Nonresidential construction materials and services increased by 12.6 percent in September, when compared to the previous year.
However, compared to the prior month, it reflects a 0.2 percent decrease.
The information was brought to light by a report from the Associated General Contractors of America, which acknowledged the construction industry was experiencing a hardship due to inflation. Additionally, they speculated the new Buy America rules will further complicate the situation.
“Today’s price report shows that costs for construction continue to outpace those of other industries,” said Ken Simonson, AGC Chief Economist.“Furthermore, the steep runup in diesel prices in the last few weeks is likely to make projects still more expensive to complete.”
The prices placed on goods and services by those that make them available decreased by 0.2 percent from August to September, which made the 8.5 percent yearly increase fall slightly from last month.
Of concern is the cost of diesel fuel, which saw a $0.39 per gallon increase.

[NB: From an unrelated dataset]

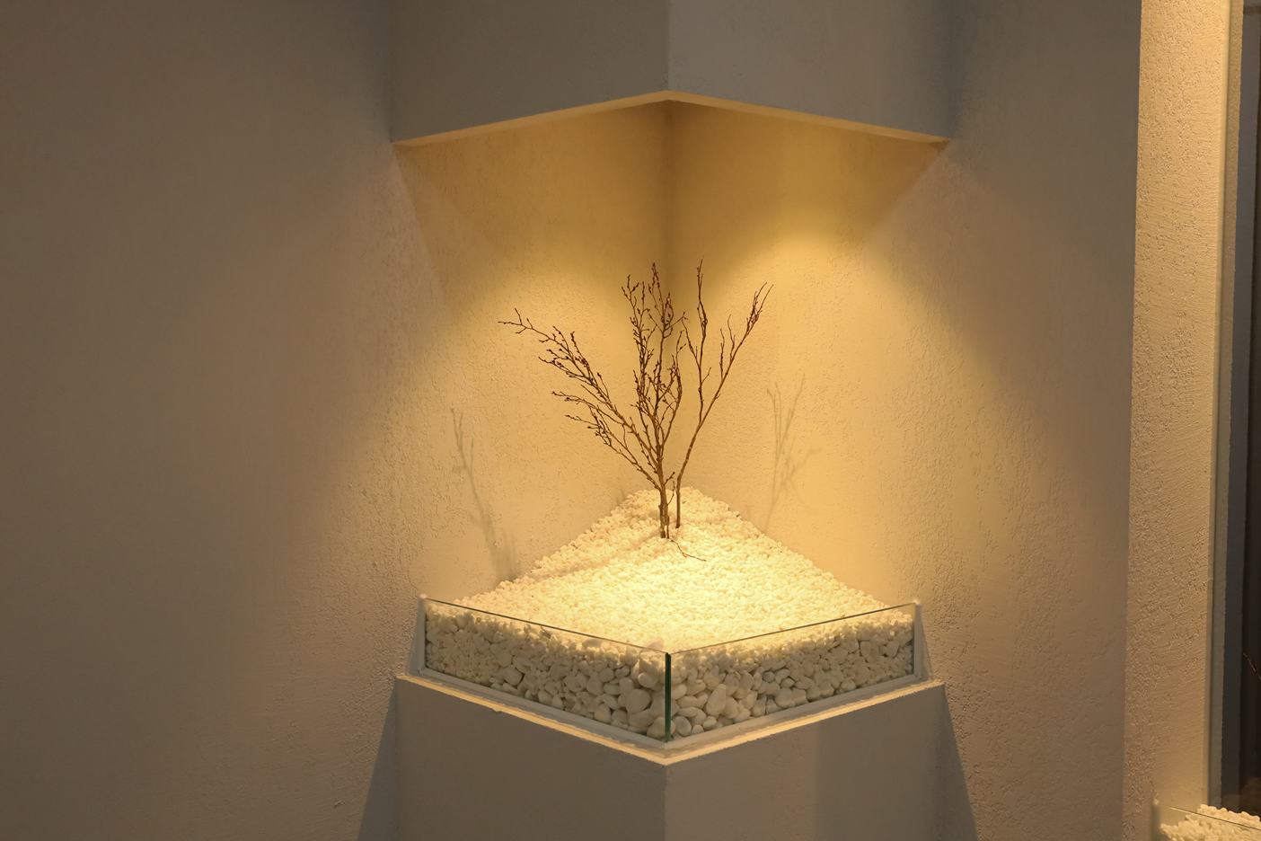 화이트 베이스의 깔끔함, 공간 곳곳에서 살아 숨쉬는 조명의 효과, 자연 요소를 더한 플랜테리어 구성,

This push the price of diesel up $1.64 or 45.7 percent on the year. Construction is especially sensitive to the cost of diesel because it is the fuel needed transport goods and power heavy equipment.
Additionally, the producer price index saw double-digit increases. Diesel fuel leaped by 65.9 percent, including 11.7 percent rise in September. The report noted an unusually large year-over-year increase in the price indexes for gypsum products at 18.4 percent; plastic construction products, 17.9 percent; truck transportation of freight, 16.3 percent; and insulation products, 13.4 percent.